> **SUPPLIED INFORMATION**
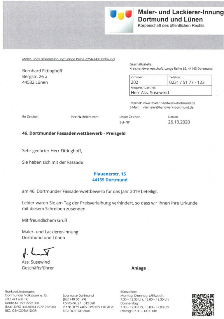 Auf eine über 100-jährige Firmengeschichte blickt unser Malerbetrieb an der Bergstr. 36a zurück. Damit sind wir einer der ältesten Familienbetriebe im Bereich des Malerhandwerks in Lünen.
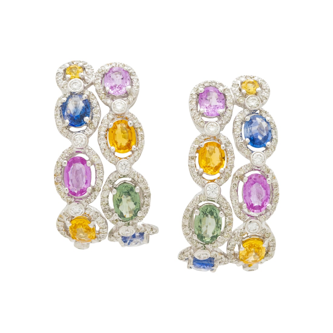 Elegant 18k White Gold Twist Earrings with 60 Carats Multicolor Sapphires and DiamondsDiamond Depot4.3(10)$8,6004 days Left
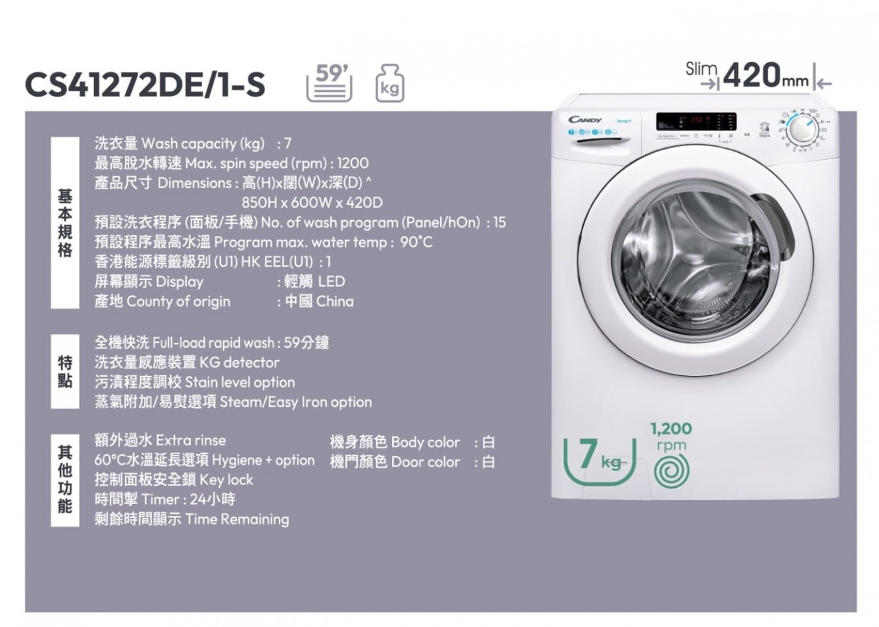 Click the button below to add the Candy CS41272DE/1-S 7kg 1200 rpm Washer to your wish list.
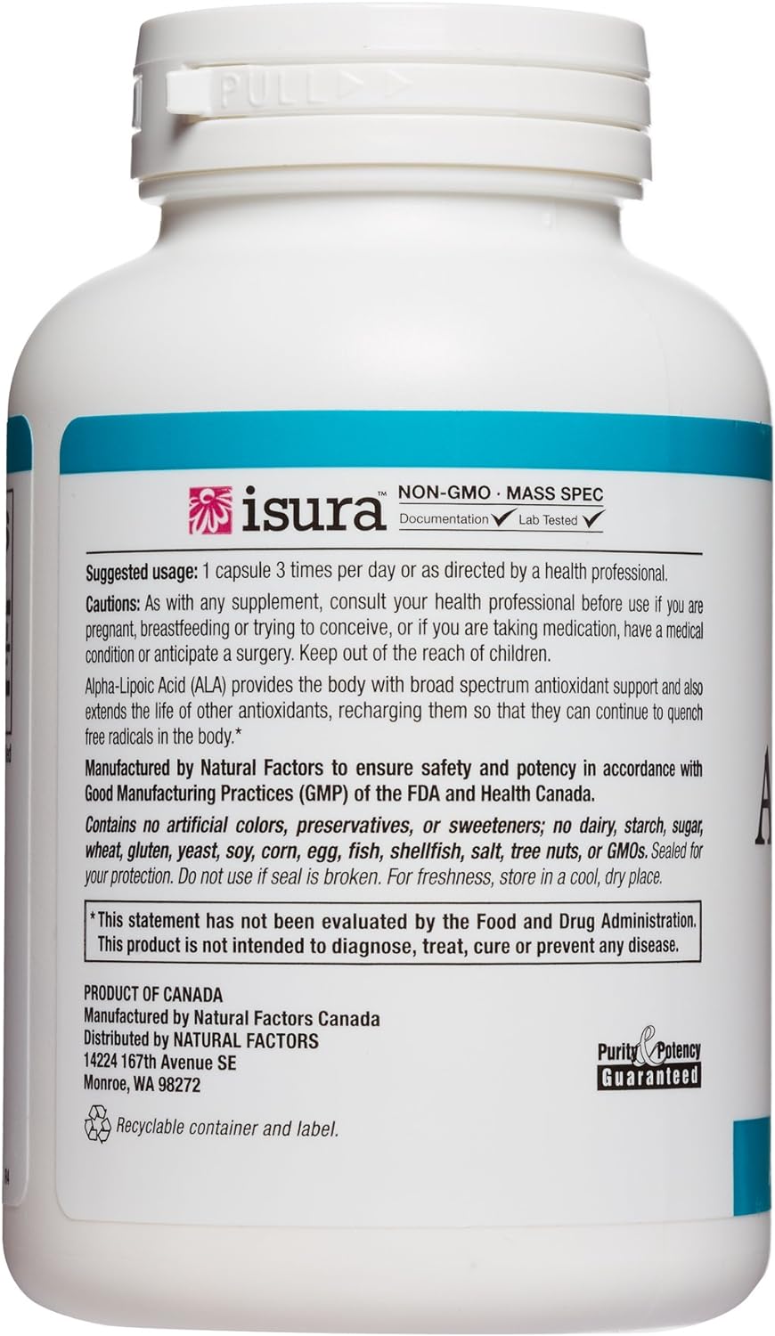 Natural Factors, Alpha-Lipoic Acid 200 Mg, Antioxidant Support To Help Maintain Glucose Levels Already In A Normal Range, 120 Capsules (120 Servings)

> **TASK**
Exact repetition of the data is needed, with no images retained.

> **WORKED SOLUTION**
 Auf eine über 100-jährige Firmengeschichte blickt unser Malerbetrieb an der Bergstr. 36a zurück. Damit sind wir einer der ältesten Familienbetriebe im Bereich des Malerhandwerks in Lünen.
 Elegant 18k White Gold Twist Earrings with 60 Carats Multicolor Sapphires and DiamondsDiamond Depot4.3(10)$8,6004 days Left
 Click the button below to add the Candy CS41272DE/1-S 7kg 1200 rpm Washer to your wish list.
 Natural Factors, Alpha-Lipoic Acid 200 Mg, Antioxidant Support To Help Maintain Glucose Levels Already In A Normal Range, 120 Capsules (120 Servings)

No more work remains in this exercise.